En cambio, el segundo piso estaba muy
animado por la presencia de un príncipe hindú. Gran amante de la
música y de la danza, coleccionista de discos y de libros, llenaba
la planta de sonoridad y de misterio.
Al contrario que nosotros, el príncipe hindú
no vivía solo de esperanzas y de porvenires. Decía que tenía una
existencia rica y plena, consagrada a la belleza, a la naturaleza,
a la armonía. Cortés y afable, ofrecía sus servicios a todo el
mundo de una manera desinteresada, a lo gran señor.
Los demás huéspedes del piso eran
excursionistas que estaban de paso, una casta especial que todos
ignorábamos. La planta conservaba intacta la impronta del exótico
príncipe.
El primero estaba ocupado por la
todopoderosa dirección, que ejercía sobre los huéspedes una
dictadura absoluta. Al lado de la dirección había tan solo un
cuarto, el mejor de todos, que estaba alquilado a un personaje
misterioso. Seguramente eslavo, muy rubio, de ojos muy azules y una
refinada elegancia, tenía de Narciso no solo el aspecto, sino
también el alma. Estaba rodeado por una especie de corte, compuesta
sobre todo por rusos blancos, entre los que predominaba el elemento
femenino. Hacía actividades diversas con la ayuda de esas personas:
corredor de joyas, tasador de inmuebles, propiedades, coches y todo
tipo de objetos de arte. A veces organizaba ruidosas fiestas que
acababan en escenas violentas.
A comienzos de 1942, una limpieza inusitada
de nuestro piso, llamado piso de las
nubes, precedió a la llegada de un nuevo e importante huésped.
En efecto, cierta mañana se le asignó a un capellán una bonita
habitación que daba a los Alpilles.
Llegó en bicicleta con la prestancia de un
caballero. Era un hombre de unos sesenta años, alto, fornido,
afable y jovial. Había sido capellán en el frente de 1914 a 1918 y,
pese a su sotana, conservaba un porte militar.
Su bondad contrastaba con su aspecto
marcial. Era caritativo y, aunque ante cualquier circunstancia no
dejara de confiar en la Providencia, tenía por costumbre decir:
«Ayudémonos y Dios nos ayudará». Y ya lo creo que ayudaba, de
verdad y sin dudarlo, a todo el que se dirigía a él.
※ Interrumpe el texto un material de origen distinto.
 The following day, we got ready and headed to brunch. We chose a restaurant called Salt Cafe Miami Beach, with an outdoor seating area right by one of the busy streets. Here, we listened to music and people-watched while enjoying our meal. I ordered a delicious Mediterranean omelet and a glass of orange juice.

Lo conocí de la manera más original: me
resbalé en un peldaño de la escalera y caí rodando hasta el
rellano, en medio de las patatas que acababa de comprar en el
mercado. Al oír el estruendo de la caída, mi reverendo vecino salió
precipitadamente y, como buen samaritano, me ayudó a regresar a mis
penates, no sin antes haber recogido lo que se había caído de mi
cesta. Yo estaba dolorida y contusionada; el capellán, para quien
yo no era su primer herido, me vendó el dedo magullado y me confió
de inmediato a los cuidados de mi vecina vienesa.
Durante la semana que tuve que guardar
reposo, él vino regularmente a interesarse por mi estado. Le
profesé un agradecimiento profundo que pude manifestarle como se
hacía entonces, es decir, proporcionándole bebidas calientes a lo
largo de la fría estación del año.
Así transcurrió el invierno de 1941 a
1942.
Durante aquel periodo en Niza, los momentos
más temibles eran los de la revisión de los documentos de
identidad.
Ocho días antes de que expirase la vigencia
del permiso de residencia, los extranjeros debían presentarse en la
prefectura con su documentación, a la que debía añadirse una
solicitud en papel timbrado.
Se ponían a la cola en el pasaje Gioffredo.
Ese pasaje se beneficiaba de una singular corriente de aire, que
hacía las veces de ventilador para disfrute de la gente que estaban
allí parada durante horas. En cambio, en los días de lluvia y
viento era un auténtico suplicio.
Llegado el momento, se entraba por hornadas
de diez a quince personas para comparecer ante una chica sentada a
una mesa repleta de archivadores y pilas de cartapacios. Era
morena, de estatura mediana. Sus gestos eran enérgicos. Todo en
ella rezumaba una seguridad que chocaba con la actitud temerosa de
los refugiados.
Examinaba los papeles, interrogaba con tono
imperativo, hablaba con monosílabos, tomaba notas rápidas y no
respondía jamás a las ansiosas preguntas. Miraba al pedigüeño con
la mirada sombría de una parca, dueña y señora de la suerte del
prójimo. Cuando veía a su interlocutor particularmente abatido,
humillado o tembloroso (había allí, entre ellos, ancianos o
enfermos, y todos, además, incluidos los jóvenes, se hallaban más o
menos desmoralizados), una sonrisa irónica se abría paso por su
rostro.
Los refugiados la llamaban la nazi y la temían. No ignoraba ella su poder
sobre aquellos miles de ruinas humanas y por eso su cara mantenía
una expresión altiva.
Consultaba los dosieres y decidía con
autoridad. Prolongaba los permisos de residencia por uno o tres
meses, convocaba a la gente repetidas veces, les exigía algún
documento suplementario, la recomendación de un francés o un
certificado médico. Mientras tanto, ella retenía la documentación y
la gente se la dejaba llena de temor a cambio de una especie de
recibo en mano.
Con frecuencia ocurría que la documentación
caducada era declarada carente de validez y se confiscaba.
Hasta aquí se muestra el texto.